И действительно, долгожданный приказ пришел из Пармы через несколько дней.
Подесте предписывалось оповестить население о том, что постановлением правительства городу Буссето разрешено иметь постоянного учителя музыки для просвещения молодежи. В пространной, обстоятельно составленной бумаге было сказано, что выборы нового маэстро должны произойти путем конкурса, который состоится в Парме под наблюдением маэстро синьора Джузеппе Алинови, придворного органиста, и что музыканты, претендующие на пост maestro di musica города Буссето, будут подвергнуты экзамену по контрапункту и по свободной композиции, ибо обе эти дисциплины являются обязательными составными частями музыкального преподавания.
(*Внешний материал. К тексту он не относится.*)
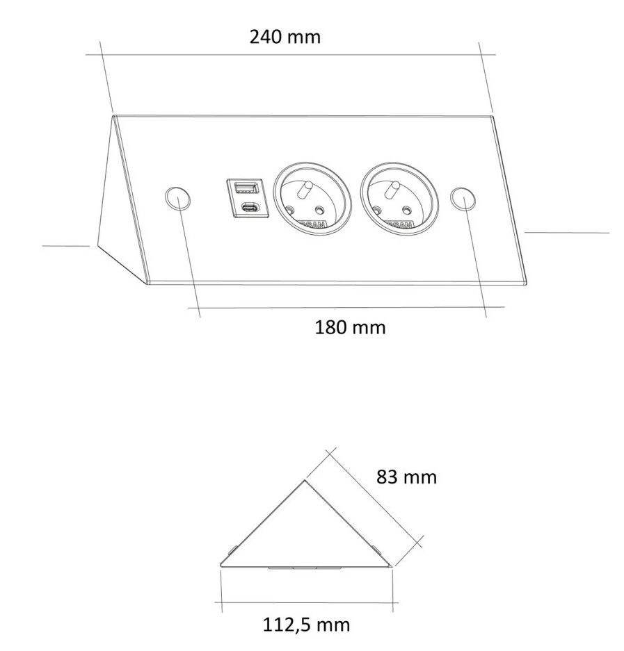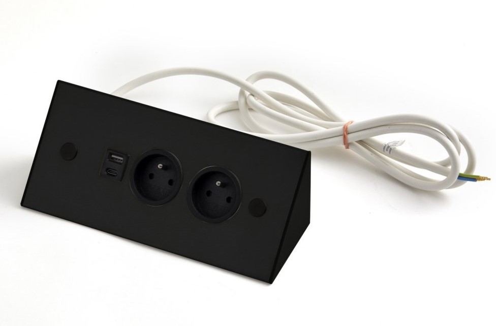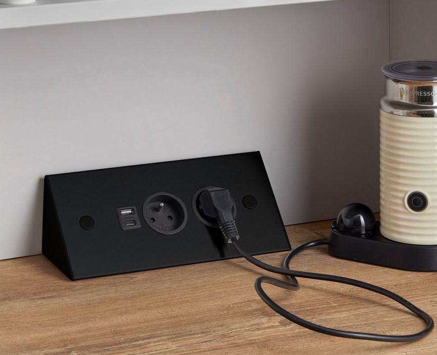 Bloc 2 prises d’angle finition Noir Mat avec port USB-A et USB-C !
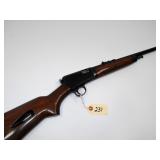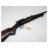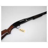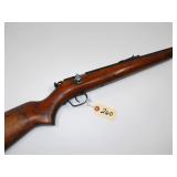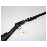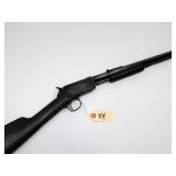 17 (CR) Winchester 06 22 S.L.LR. Pump action take down tube fed with front and rear sights, 20" barrel, SN 654996B. Condition: Lots of wear. Initials on stock. Good bore and action.
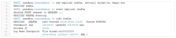 We only need to add and start our rkafka replica for the Big Data GoldenGate.
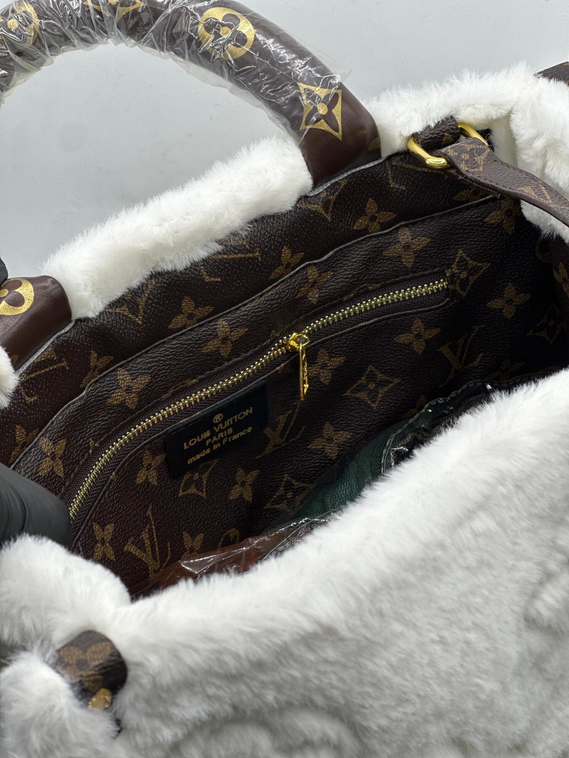 Lv white fur bag
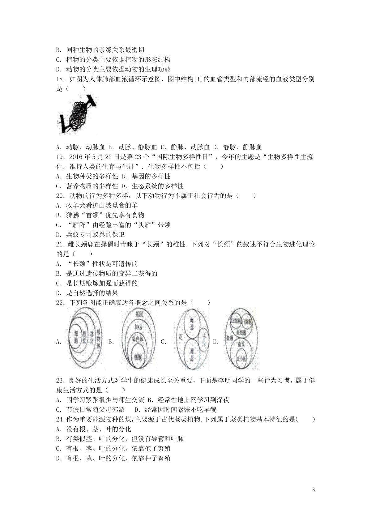 3.山东省潍坊市2016年中考生物真题试题(扫描版,含答案)
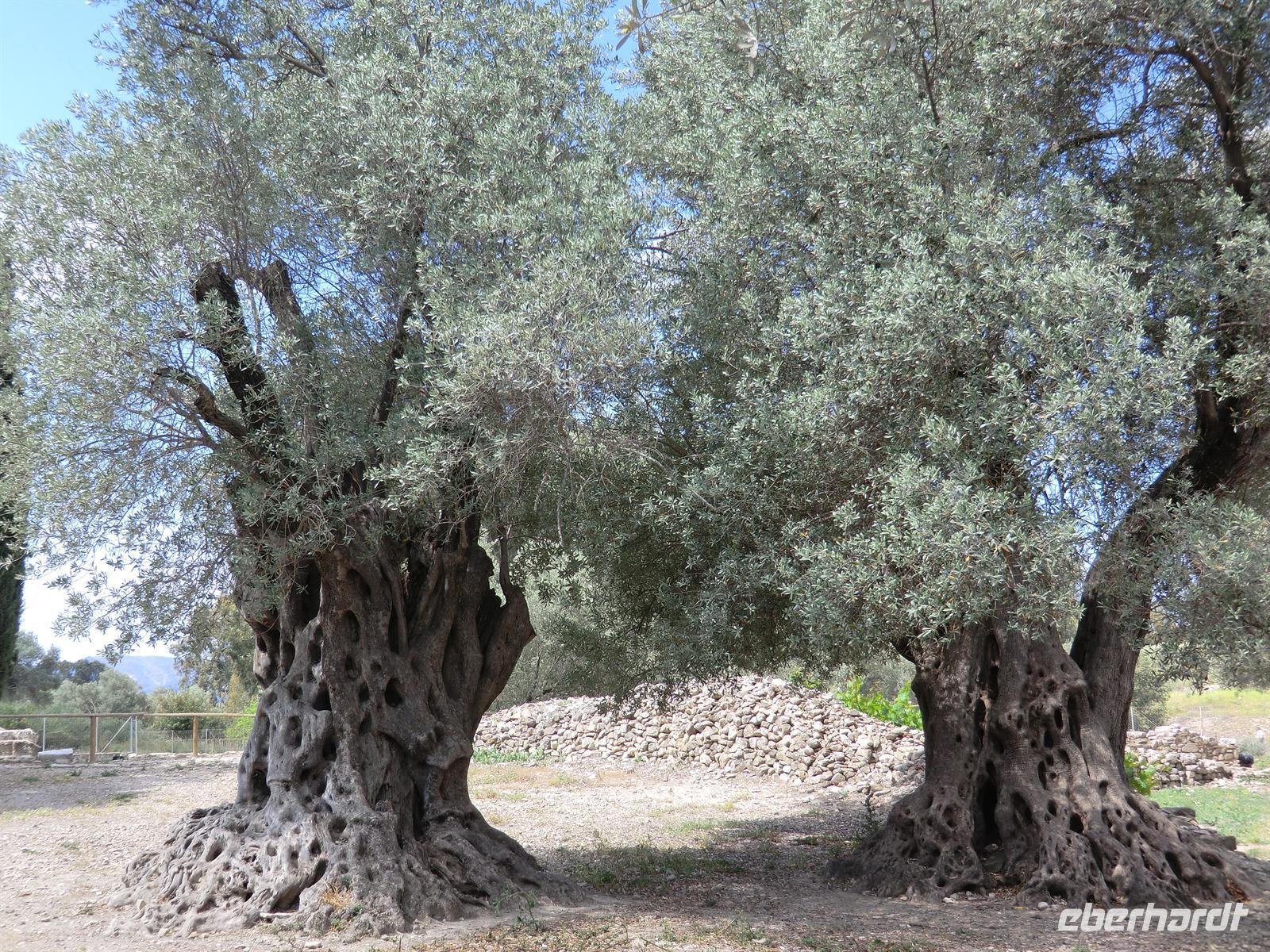 Weiter führte uns die Fahrt entlang großflächiger Olivenhaine, deren Früchte nach etwa 5 Jahren Reifezeit geerntet werden. Die Bäume können bis zu 6.000 Jahre alt werden, wobei deren Stämme sich wunderbar formen und zu Fantasiegebilden gestalten. Der Blick auf die Messara-Ebene war gigantisch. Die herrlich klare Luft bot eine wunderbare Weitsicht auf die umliegenden Gebirge. Hauptanbauprodukte in der Ebene sind neben den Oliven Getreide, Gemüse und Nelken.

Затем шел текст договора, регулировавшего взаимоотношения между городом и новым маэстро. Из ознакомления с целым рядом параграфов, разработанных с величайшей тщательностью, можно было вывести заключение, что путь маэстро весьма тернист и трудно на этом пути расцвести розам. Ничего в договоре не говорилось о преимуществах в положении маэстро и не видно было уважения к его работе и достойной оценки его трудов. Объявленная годовым окладом жалованья сумма в шестьсот восемьдесят семь лир вызывала недоумение. Она была поистине смехотворной. Зато в договоре можно было найти самое тщательное, и даже не тщательное, а мелочно-придирчивое перечисление обязанностей маэстро; обязанности эти — многочисленные и разнообразные — были в равной мере хлопотливыми и утомительными. Время работы маэстро было строжайше регламентировано. Точнейшим образом было высчитано, сколько часов в неделю он должен заниматься с каждым учеником, сколько часов уделять занятиям на фортепиано, сколько занятиям на органе и сколько — на чембало; сколько времени надлежит заниматься пением и сколько теорией музыки. Подробно была разработана графа о подчинении маэстро всем заранее установленным правилам. Были предусмотрены все возможные случаи отклонений от этих правил и тут же указывалось на необходимость их полного выполнения.
Затем были изложены условия, необходимые для участия в конкурсе. Желающим конкурировать предлагалось заявить об этом посредством прошения, адресованного подесте города Буссето. К прошению в обязательном порядке должны быть приложены документы: свидетельство об образовании и два удостоверения (одно о безупречной нравственности, другое — о незапятнанной репутации).
Подеста распорядился, чтобы правительственное постановление было расклеено по городу на видных местах. С самого утра перед большими белыми листами с гербом герцогства Пармы толпился народ и все громко обсуждали как самый факт объявления конкурса, так и условия работы, предложенные маэстро. Подеста очень опасался стычек между вердистами и ферраристами, между патриотами и клерикалами, но на этот раз все обошлось благополучно.
А за день до срока, назначенного для конкурса, случилось так, что подесте по неотложным делам понадобилось съездить в Парму.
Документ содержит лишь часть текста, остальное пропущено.